* **Activity**
Exclude images; transcribe the rest of the data exactly.

* **Available data**
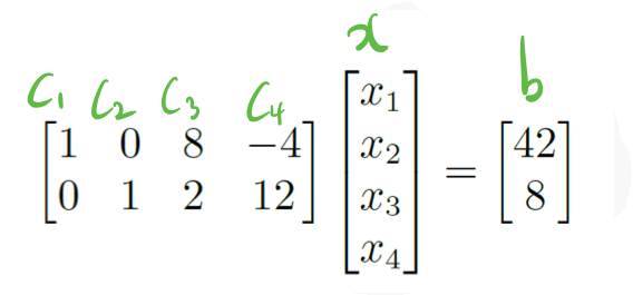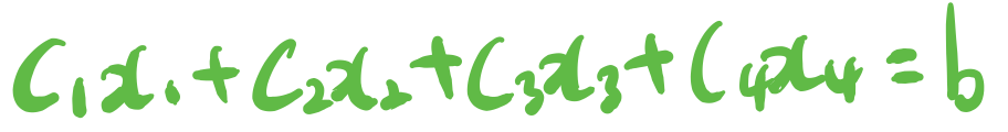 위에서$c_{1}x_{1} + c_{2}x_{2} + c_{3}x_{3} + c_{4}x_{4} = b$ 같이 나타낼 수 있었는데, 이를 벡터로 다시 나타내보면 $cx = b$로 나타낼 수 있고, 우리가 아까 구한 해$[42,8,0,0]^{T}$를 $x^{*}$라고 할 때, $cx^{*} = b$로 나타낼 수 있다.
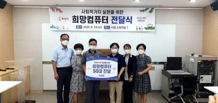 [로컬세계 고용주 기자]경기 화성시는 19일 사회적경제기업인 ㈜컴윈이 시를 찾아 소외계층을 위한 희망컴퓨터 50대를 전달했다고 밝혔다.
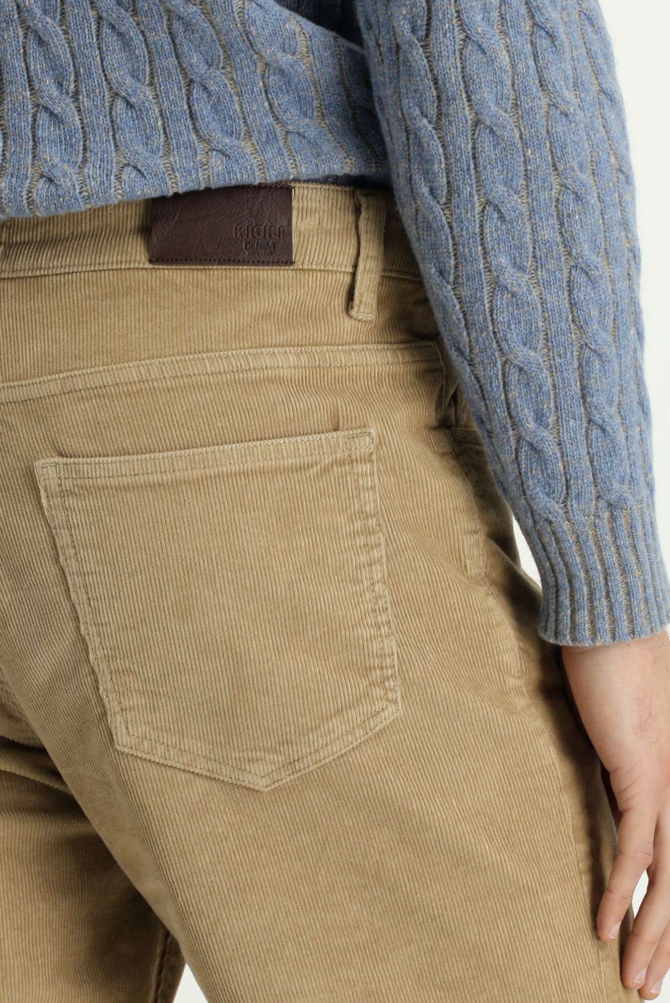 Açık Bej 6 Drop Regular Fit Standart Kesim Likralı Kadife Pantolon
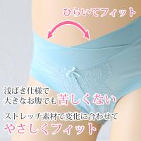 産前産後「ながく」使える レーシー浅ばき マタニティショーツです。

* **Response**
 위에서$c_{1}x_{1} + c_{2}x_{2} + c_{3}x_{3} + c_{4}x_{4} = b$ 같이 나타낼 수 있었는데, 이를 벡터로 다시 나타내보면 $cx = b$로 나타낼 수 있고, 우리가 아까 구한 해$[42,8,0,0]^{T}$를 $x^{*}$라고 할 때, $cx^{*} = b$로 나타낼 수 있다.
 [로컬세계 고용주 기자]경기 화성시는 19일 사회적경제기업인 ㈜컴윈이 시를 찾아 소외계층을 위한 희망컴퓨터 50대를 전달했다고 밝혔다.
 Açık Bej 6 Drop Regular Fit Standart Kesim Likralı Kadife Pantolon
 産前産後「ながく」使える レーシー浅ばき マタニティショーツです。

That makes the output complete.